You are probably getting bored with me starting off a post by saying, “I was out for a walk in my neighbourhood” and I am getting tired of going out for a walk in my neighbourhood, but given COVID-19 is still hanging about I’m trying to do my part by sticking close to home.
At any rate, a recent walk took me I past an older home that I’ve always assumed had a story behind it, but I didn’t know what it was. Right now, there’s this sign out front, as they do work on the house.

As I learned, it’s known as the Snider House after the original owners, and it dates back to 1820, one of the oldest houses in Toronto.

I had seen that it had sold a year or 2 ago, and then in the past few weeks the dreaded construction hoarding went up. Too many times, this is a cue for imminent destruction. Fortunately, it’s a designated Heritage property which avoids:

I see these signs all over our neighbourhood. On one street nearby, in a 100m stretch there were 3 houses that have been demolished with new infill underway.

I’m happy that Snider House is being restored. It’s beautiful example of Victorian architecture and it’s a reminder that Toronto actually has a history, something we keep trying to erase every time we tear down a perfectly good though older home to replace it with something new.
I get it, on one level. In our case, we spent several years and hundreds of thousands renovating our last house, a 1920’s detached 3-bedroom in mid-Toronto, and in the end we still had a detached 3-bedroom home. Had we knocked it down, for not much more than we ending up spending on renovations, we could have had a larger 4-bedroom that would have been worth at least 25% more than what we eventually sold at. If you want all the latest modern wiring, heating, plumbing, bathrooms, kitchens, energy efficiency, and comforts it’s often cheaper to start with a blank slate.
And yet, when that happens up and down a street the character starts to change. Many mid-town Toronto neighbourhoods date from the 1920-1940 period, and were originally quite uniform with a mix of detached and semi-detached 3-bedroom 2-story homes along with some 2-bedroom bungalows. That characteristic look lasted for the 1st and 2nd generations of owners, into the 1970’s and 1980’s, but by the time the 3rd and 4th generation came along, the urge to modernize and extend became too strong to resist.
And so we have today’s streets, where many of the original homes, to my eye charming red-brick well-proportioned places, have been replaced by larger boxy stucco-sided 4-bedroom houses that loom over their neighbours.

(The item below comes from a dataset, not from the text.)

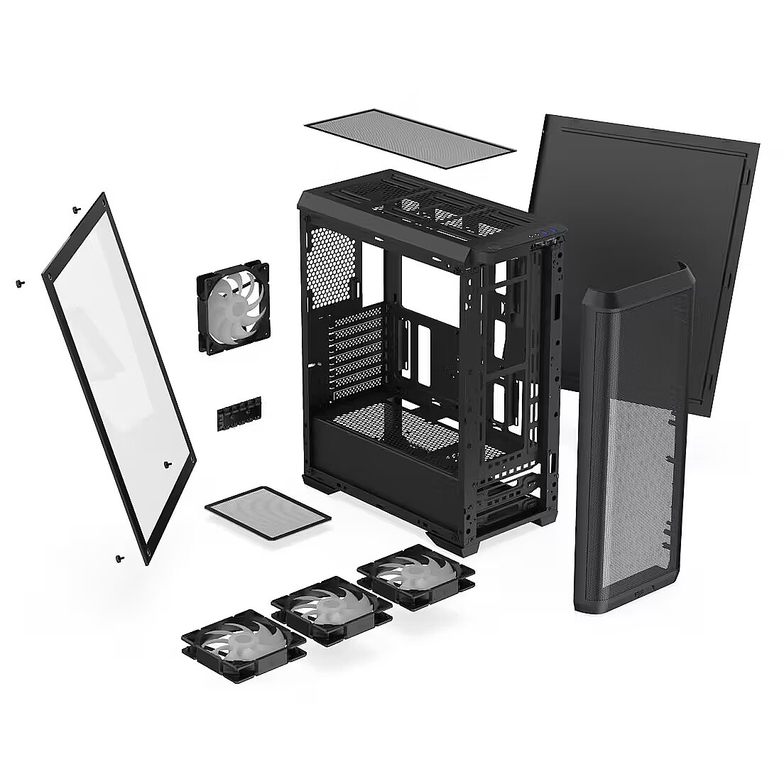 ShortDescription - Obudowa Ventum VT4V Evo TG ARGB wyróżnia się bardzo wysokim przepływem powietrza zapewnionym przez otwarty przedni panel,

There are now so many that that they’ve started to blend together, but even so, to me the proportions of the homes have lost something. They are more spacious, more open, more energy-efficient, and just more. But do we need more? Can’t we renovate and improve without replacing?
Near the street with the 3 new houses, there’s another home that’s undergone extensive reno’s and is now just about finished. I’m sure it was pricy to renovate instead of tearing down, but I’m glad that they resisted the temptation to tear down a perfectly charming, functional place that just needed to evolve into the 21st century.


Reduce, reuse, and recycle are supposed to be our environmentalist mantra. Use less, use it longer, and then hand it on for other uses. On my way home from my walk, I passed a toddler toilet seat that had been outgrown (proudly I bet) and left out for someone to claim and use for a new toddler. It seemed an apt metaphor – poop happens. Learn from it.